Pastor As Symbol

Pastors are symbols of their congregations. The person who occupies the office of pastor must, on some level, embody the culture and mission of the congregation. This phenomenon becomes more pronounced the larger a congregation becomes. In the very large church people who listen to the pastor teach on Sunday morning rarely encounter the pastor as person at any other time; they only experience a pulpit persona.  Effective large church pastors know how to craft and project themselves as effective symbols of their congregation.

Recently, Doug Riddle at the Center for Creative Leadership posted a blog entry about the Leader as Symbol. Here’s what he said:

“Among leaders I’ve coached, one of the most difficult transitions is the one from person to symbol. It’s not that one stops being a person. Rather, the body politic needs symbols that can provide a rallying point. People may not read the Constitution of the United States, but they need it to be there. Flags are more obvious symbols of our collective identity, but people are, too. This explains the demand to see our leaders. Consultants advise presidents and CEOs to “make themselves more visible.” Visibility in leaders is important because they play a magical or symbolic role.

Oddly, this is one of the constraints upon senior leadership because this role has little obvious content. It is nearly all emotional force and it is strangely important for the shaping of organizational culture. The personality expressed on the stage stands for the culture of the organization and we see it most clearly in those who have shaped their companies through their personalities.

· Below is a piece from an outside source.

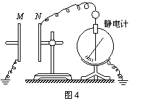 2.如图5所示,由两块相互靠近的平行金属板组成的平行板电容器的极板N与静电计相接,极板M接地。用静电计测量平行板电容器两极板间的电势差U。在两板相距一定距离d时,给电容器充电,静电计指针张开一定角度。在整个实验过程中,保持电容器所带电量Q不变,下面哪些操作将使静电计指针张角变小( )
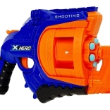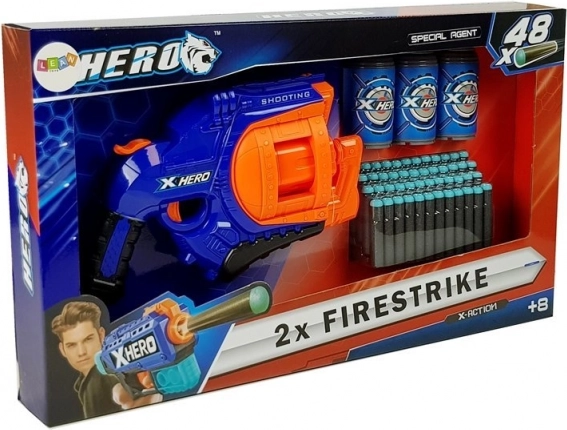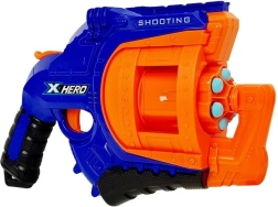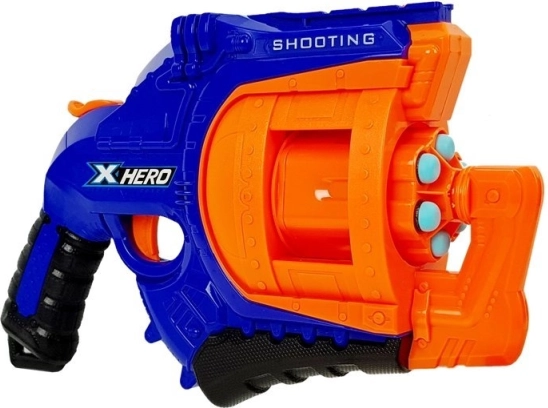 Pistolul are o magazie rotativă pentru 6 proiectile. Pentru a trage un proiectil, este suficient să trageți declanșatorul în jos și să apăsați pe trăgaci! Numărul mare de proiectile permite o distracție nesfârșită. Setul include și doze pe post de ținte!

Steve Jobs is Apple and Apple is Steve Jobs. This is not true only for the employees, but the stockholders whose hopefulness rises and falls on rumors of his health.

 Leaders are real people, certainly, but part of their duty to the organization is fulfilled in their flag value. Unless you created the organization and still head it, you will need to decide what elements of the existing culture you will work to change and what you will inhabit. Either way, the higher you rise in your organization the more seriously you need to take your signal value. For a few close friends you may still be Dorothy or Ahmed or Seymour, but for many more you are the company.”

  So, have you stopped to think recently about what kind of signal value you project in your congregation? What symbol are you communicating by your presence? How is that symbol creating or reinforcing congregational culture?

And perhaps more importantly, how are you tending the well-being of the person behind the symbol, so that you don’t lose yourself along the way?